# phone always boots to fastboot



## goliatham (Dec 15, 2011)

I ran into some issues trying to regain Root after an upgrade from 5.5.886 to 5.5.893.
I was using this:
http://rootzwiki.com...r-893-ota-oops/
I think I got updated completely/correctly, but I am without Root.

My current problem is that my phone boots into fastboot every time (and says "Flash Failure")
I can boot by going to the "Boot Mode Selection Menu", and choosing "normal powerup"

I've tried RSD, and it always fails on step 1/15 with
I've tried the R3l3AS3DRoot tool, and it also fails.

Is there anything I can do to fix fastboot?

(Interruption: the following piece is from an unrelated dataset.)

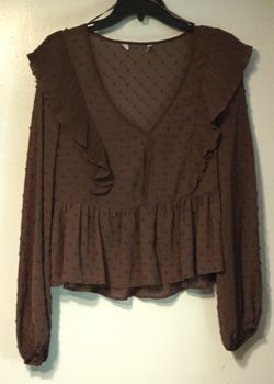 Brown long sleeve blouse with ruffle front$10Irving, TX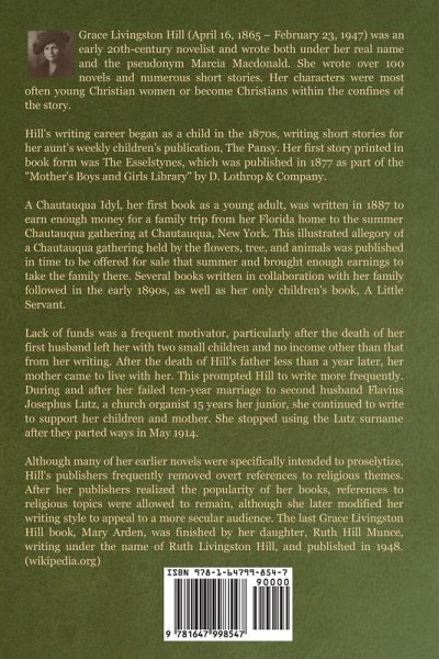 Grace Livingston Hill (April 16, 1865 – February 23, 1947) was an early 20th-century novelist and wrote both under her real name and the pseudonym Marcia Macdonald. She wrote over 100 novels and numerous short stories. Her characters were most often young Christian women or become Christians within the confines of the story. Hill's writing career began as a child in the 1870s, writing short stories for her aunt's weekly children's publication, The Pansy. Her first story printed in book form was The Esselstynes, which was published in 1877 as part of the "Mother's Boys and Girls Library" by D. Lothrop & Company. A Chautauqua Idyl, her first book as a young adult, was written in 1887 to earn enough money for a family trip from her Florida home to the summer Chautauqua gathering at Chautauqua, New York. This illustrated allegory of a Chautauqua gathering held by the flowers, tree, and animals was published in time to be offered for sale that summer and brought enough earnings to take the family there. Several books written in collaboration with her family followed in the early 1890s, as well as her only children's book, A Little Servant. Lack of funds was a frequent motivator, particularly after the death of her first husband left her with two small children and no income other than that from her writing. After the death of Hill's father less than a year later, her mother came to live with her. This prompted Hill to write more frequently. During and after her failed ten-year marriage to second husband Flavius Josephus Lutz, a church organist 15 years her junior, she continued to write to support her children and mother. She stopped using the Lutz surname after they parted ways in May 1914. Although many of her earlier novels were specifically intended to proselytize, Hill's publishers frequently removed overt references to religious themes. After her publishers realized the popularity of her books, references to religious topics were allowed to remain, although she later modified her writing style to appeal to a more secular audience. The last Grace Livingston Hill book, Mary Arden, was finished by her daughter, Ruth Hill Munce, writing under the name of Ruth Livingston Hill, and published in 1948. (wikipedia.org)

I did take a nandroid backup before I started anything, but I expect it will do me no good since I don't have root or a custom recovery.

System Version
5.5.893.XT875.Verizon.en.US

Baseband Version
CDMA_N_03.1C.57R ltedc_u_05.15.01

Webtop version
WT-1.3.0-108_DBN-21

Kernel version
2.6.35.7-g68606e6
[email protected] #1

Build number
5.5.1_84_DBN-62


----------



## elliott35 (Jul 17, 2011)

Try regaining root? then reflash ? maybe...


----------



## goliatham (Dec 15, 2011)

Thanks for the suggestion.

I may have posted too soon. I eventually searched on "flash failure" and came on a thread where others had success using this:
http://rootzwiki.com/topic/5484-r3l3as3droot-and-43v3r-root-for-the-bionic-v21/
It did basically what I thought I needed (restore to 886, root, forever root), but it must do things a bit different than RSD.

Worked perfectly for me. I'm on 893, rooted (backed up) and currently running titanium to restore my apps/settings from 886.


----------